Just Stop Oil’s Rokeby Venus Attack Contains An Art History Surprise

Arts & Celebrities


Hanan Ameur is beautiful. The 22-year-old girl has dark curly hair, arched brows, and a great sense of fashion. But growing up as a person of color in Britain (Ameur’s heritage is Moroccan), she didn’t always feel that way. The paradigm of whiteness was problematic. And while Ameur is not an art history lover necessarily, better known for her latest action before a Les Misérables performance, the image of the white woman’s nude form in the Rokeby Venus by Diego Velazquez, facing backwards, inspired something in her as a woman of color…perhaps a mixture of rage and determination. Its touting as ‘the most beautiful woman in the world’ felt off. Because in a globalized world, why is it that those in Asia and Africa suffer while the West keeps drilling?

So when Ameur and fellow protestor Harrison Donnelly smashed through the Rokeby Venus this month, it was a first shattering of the fragile glass of society’s refusal to accept climate change on behalf of Just Stop Oil, declaring the emergency like any other fire or robbery.
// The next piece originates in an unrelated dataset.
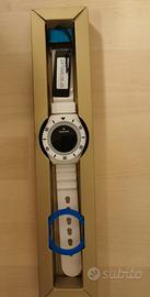 Vendo orologio da uomo marca Hoops modello UNDER WATER TOUCH 2479ME in silicone colorato bianco con ghiera aggiuntiva intercambiabile di colore blu. Il prodotto è ancora nella confezione originale con il cartellino e tutte le pellicole protettive.
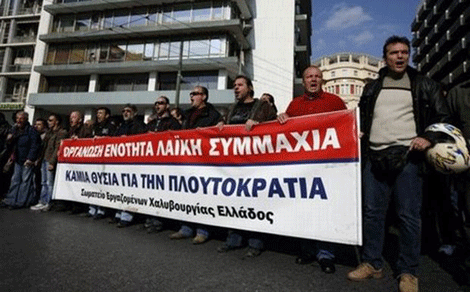 | Græske metalarbejdere appellerer om international støtte i deres månedlange kamp mod lønsænkning og fyringer |

On Tuesday, a British court found them guilty of causing £6,445 to it on site at the National Gallery, a more violent attack than the paint splashes of previous acts, yet the canvas itself was unharmed.

Housed at the National Gallery in London and named for its provenance at the English mansion Rokeby Park, the painting’s art historical lineage in radical activism is well known. “Slasher Mary” Richardson attacked the painting at London’s National Gallery with a meat cleaver to protest the imprisonment of Emmeline Pankhurst, the leader among their ranks. This was a much more damaging incident, and the work was only returned to view more than 100 years later for security.

“We emulate that because it’s proof that it works.” Donnelly said simply.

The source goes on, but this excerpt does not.